Problem to solve:
The output should contain the listing word for word and no pictures.

Data:
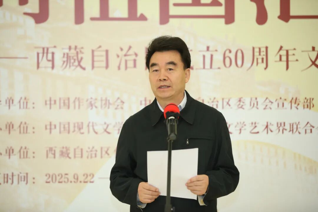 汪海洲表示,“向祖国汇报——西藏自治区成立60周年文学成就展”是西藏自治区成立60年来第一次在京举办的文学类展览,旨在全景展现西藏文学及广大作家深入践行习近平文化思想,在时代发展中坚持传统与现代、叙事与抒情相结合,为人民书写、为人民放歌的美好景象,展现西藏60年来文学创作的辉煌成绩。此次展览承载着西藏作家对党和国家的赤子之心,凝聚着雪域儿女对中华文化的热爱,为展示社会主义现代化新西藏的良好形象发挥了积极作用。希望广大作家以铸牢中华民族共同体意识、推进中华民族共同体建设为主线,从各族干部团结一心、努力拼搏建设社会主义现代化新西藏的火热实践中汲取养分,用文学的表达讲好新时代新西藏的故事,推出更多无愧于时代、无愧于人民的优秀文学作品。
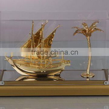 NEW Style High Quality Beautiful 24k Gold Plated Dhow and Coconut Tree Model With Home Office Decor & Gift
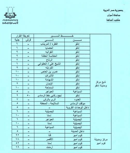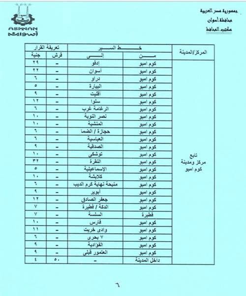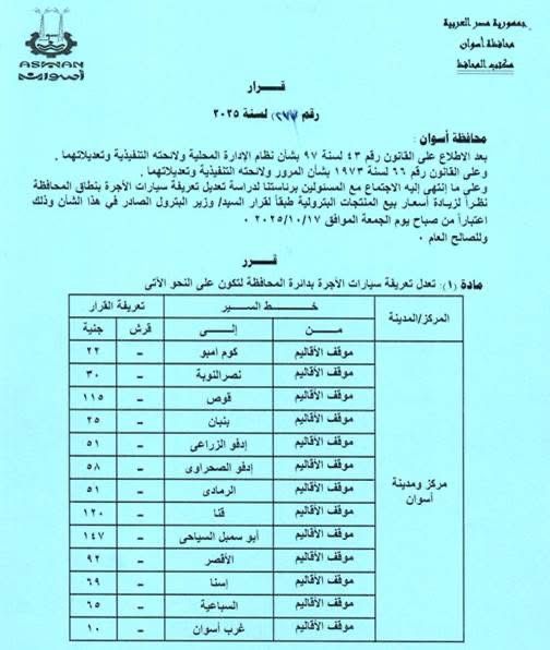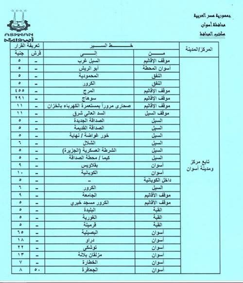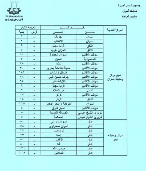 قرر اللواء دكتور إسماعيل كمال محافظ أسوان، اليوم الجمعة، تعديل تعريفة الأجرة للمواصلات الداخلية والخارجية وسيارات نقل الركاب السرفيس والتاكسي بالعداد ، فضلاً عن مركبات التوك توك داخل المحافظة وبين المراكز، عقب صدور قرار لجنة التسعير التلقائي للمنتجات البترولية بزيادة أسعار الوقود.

Exercise result:
 汪海洲表示,“向祖国汇报——西藏自治区成立60周年文学成就展”是西藏自治区成立60年来第一次在京举办的文学类展览,旨在全景展现西藏文学及广大作家深入践行习近平文化思想,在时代发展中坚持传统与现代、叙事与抒情相结合,为人民书写、为人民放歌的美好景象,展现西藏60年来文学创作的辉煌成绩。此次展览承载着西藏作家对党和国家的赤子之心,凝聚着雪域儿女对中华文化的热爱,为展示社会主义现代化新西藏的良好形象发挥了积极作用。希望广大作家以铸牢中华民族共同体意识、推进中华民族共同体建设为主线,从各族干部团结一心、努力拼搏建设社会主义现代化新西藏的火热实践中汲取养分,用文学的表达讲好新时代新西藏的故事,推出更多无愧于时代、无愧于人民的优秀文学作品。
 NEW Style High Quality Beautiful 24k Gold Plated Dhow and Coconut Tree Model With Home Office Decor & Gift
 قرر اللواء دكتور إسماعيل كمال محافظ أسوان، اليوم الجمعة، تعديل تعريفة الأجرة للمواصلات الداخلية والخارجية وسيارات نقل الركاب السرفيس والتاكسي بالعداد ، فضلاً عن مركبات التوك توك داخل المحافظة وبين المراكز، عقب صدور قرار لجنة التسعير التلقائي للمنتجات البترولية بزيادة أسعار الوقود.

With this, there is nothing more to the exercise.